У отца был сконфуженный вид.
— Есть люди, которым все кажется недостаточно шикарным, — пробормотал он.
Маленькое сморщенное старушечье лицо прильнуло к оконному стеклу, затем стукнула щеколда, и распахнулась верхняя створка двери. Бабушка была вся закутана в старинную ткань и поэтому походила на мумию; виднелась лишь часть морщинистого закопченного лица. И какая же она маленькая! Но зато у нее темные бархатные глаза, выражающие попеременно то испуг, то радость. И вдруг по щекам старушки потекли слезы, ее дрожащие руки беспомощно простерлись и ухватились за меня; и вид ее руки, дрожавшей на моем плече, подействовал на меня так, что и я заплакал. В это мгновение я полюбил бабушку, и разочарование прошло. Теперь у меня были бабушка и дедушка, как у других детей в книжках,—у тех, которые в случае беды всегда прибегали к ним за помощью. Все остальное, чем я наделял их в своем воображении, было нужно мне для того, чтобы конктретнее представлять себе стариков. Я ведь прекрасно знал, что живописный праздничный наряд висел на стене у фотографа и надевался на всех, кто хотел сняться; я заходил к сыну фотографа и сам мог в этом убедиться.
То, что я увидел здесь, оказалось гораздо интереснее. Крыша была такая низкая, что я мог достать до нее рукой, а под стропилами висели разные инструменты— рубанки и прочее. На самой крыше лежали плоские камни и старая негодная борона, чтобы крышу в непогоду не снесло ветром.

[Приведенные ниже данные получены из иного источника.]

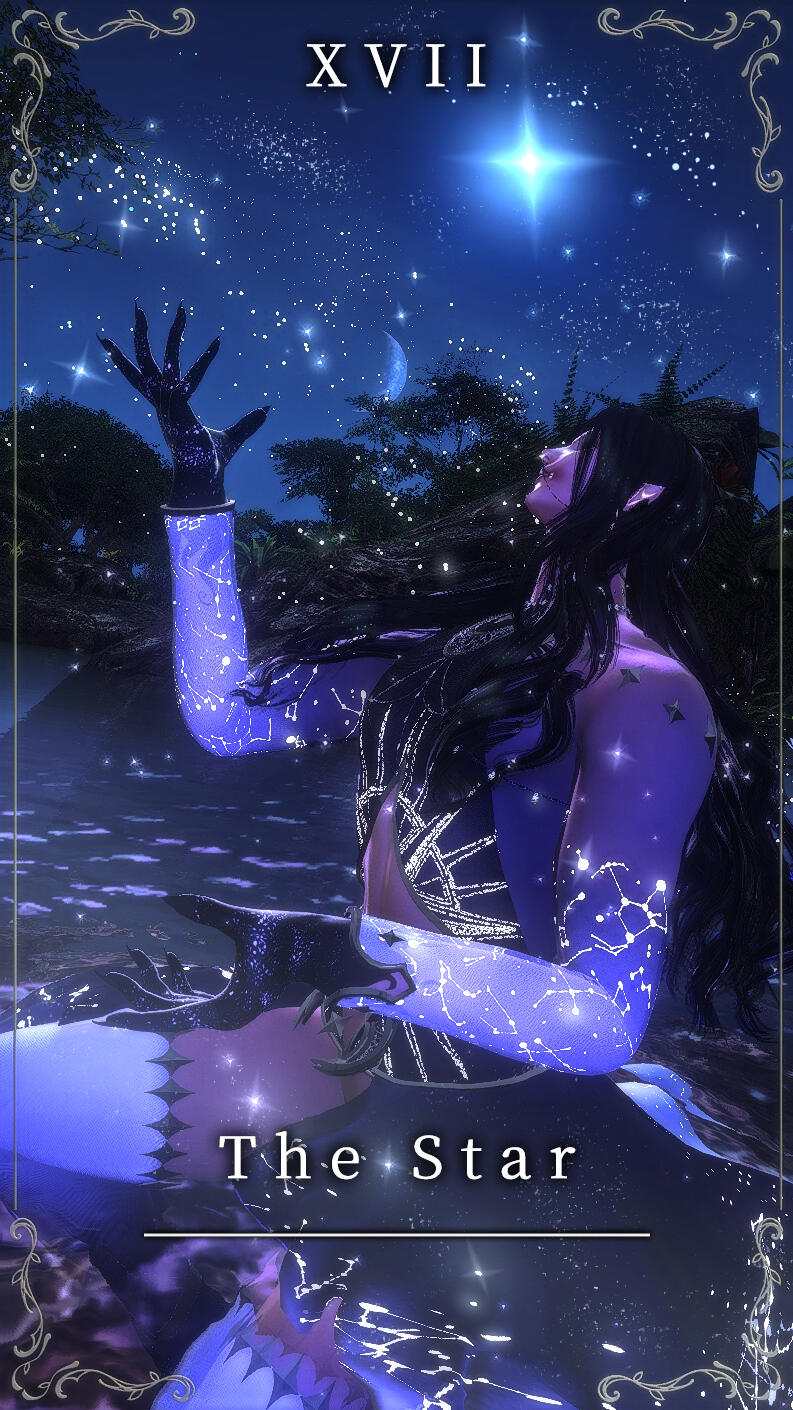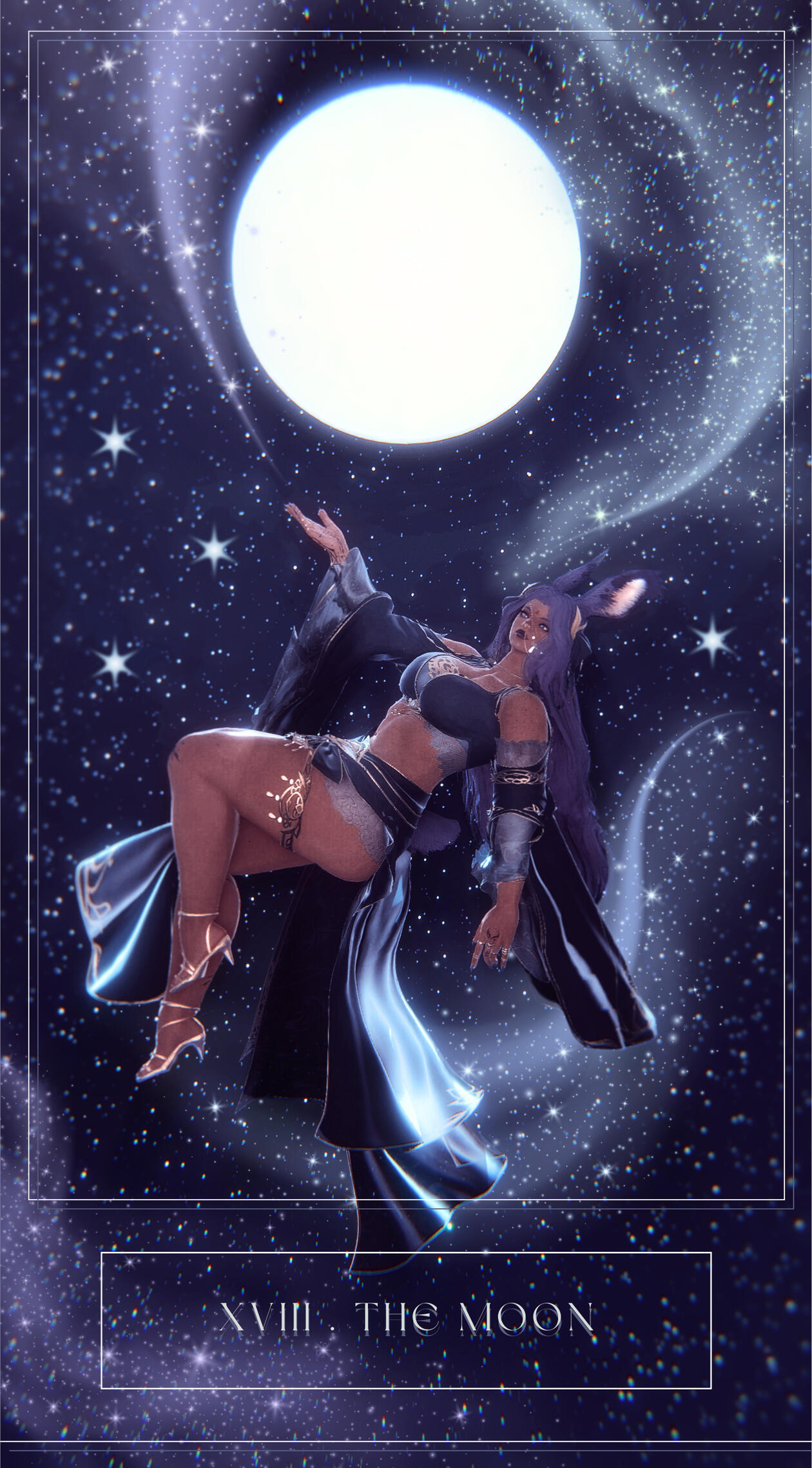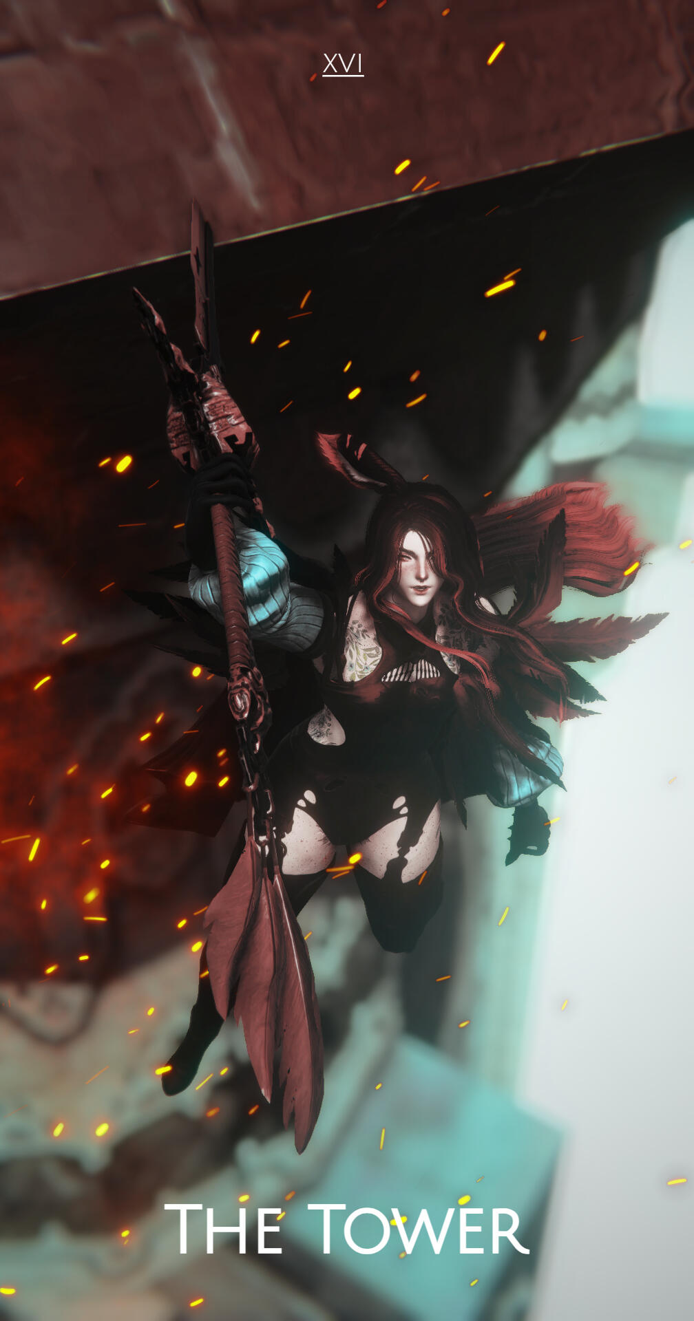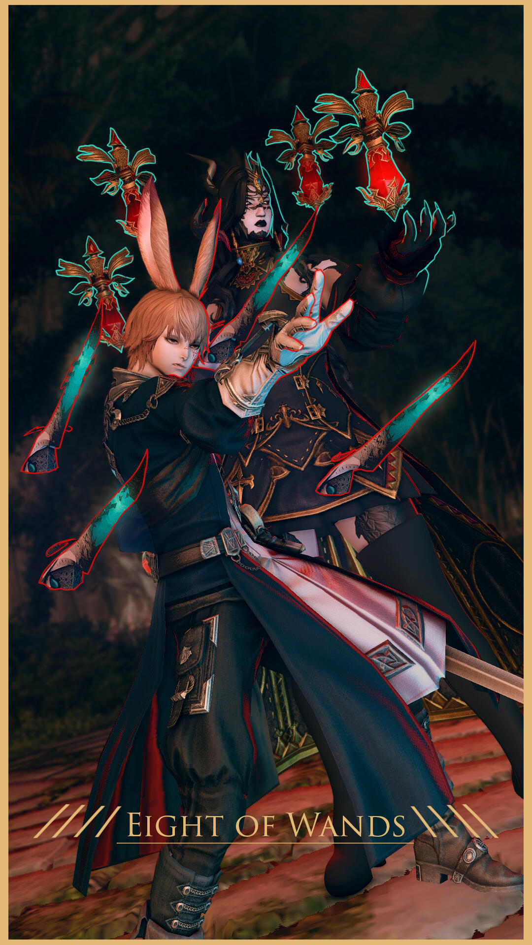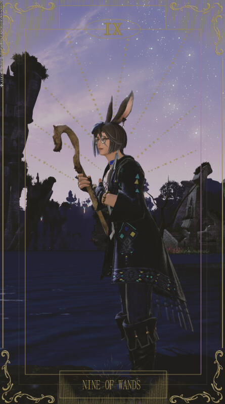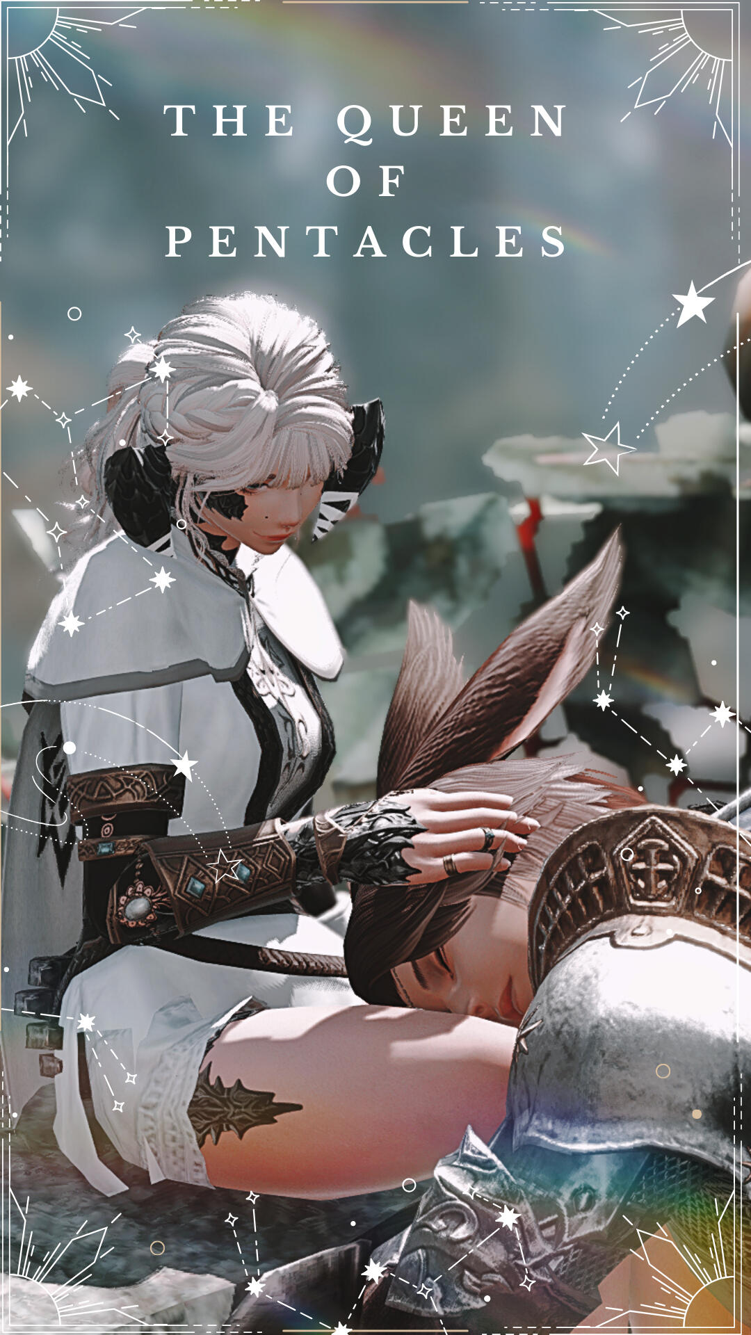 The choice for the card was due to its themes of love and success- as of 6.5- Sappho is happy with a loving girlfriend in Zero and is recovering from Endwalker and all that came before. Her path is looking up, and even reversed has good fortune, and the card also represents femininity, and Sappho is Hyper-Feminine so that matched well.As for the card itself, the elpis blooms and planet behind her representing her triumph over all that was ENW and before. She holds her red mage weapon proudly, and with the focus attached to make a staff as reference to the posing of a lot of other Empress tarot cards. She also has the azem symbol behind her head- its supposed to mimic the holy halos in older christian art while also being related to fourteen and her as a shard of Azem. But the underlying reason to all of this was I just thought it looked really cool.

Бабушка была маленького роста и напоминала серую пугливую птичку — из тех, что прячутся под кустами и робко выглядывают оттуда; зато дедушка длинный, худой — кожа да кости; голова у него была большая, с гладко отполированной лысиной. Поверх рубашки он носил жилетку, застегнутую до самого горла. Он напоминал мне скандинавского богатыря Ньяла, как я его представлял себе по отрывкам из саг, помещенным в хрестоматии. А в бабушке было что-то цыганское; в глазах ее появлялся жадный блеск, когда она смотрела на нас, детей, а когда обнимала нас, то вся дрожала от волнения. Все здесь было нам чужое — и в то же время как бы знакомое. Хижина наводила на мысль о постройках первобытных народов, которые описывались в большой отцовской книге с картинками. Это было поставленное на столбы примитивное сооружение из деревянных брусьев, промежутки между которыми были заполнены глиной, смешанной с навозом; пол сложен из крупных каменных плит; только в жилой комнате пол был глинобитный. Оба старика даже и дома ходили в деревянных башмаках, которые делал сам дедушка; в них не было даже стелек; в городе никто бы не стал носить такие колодки.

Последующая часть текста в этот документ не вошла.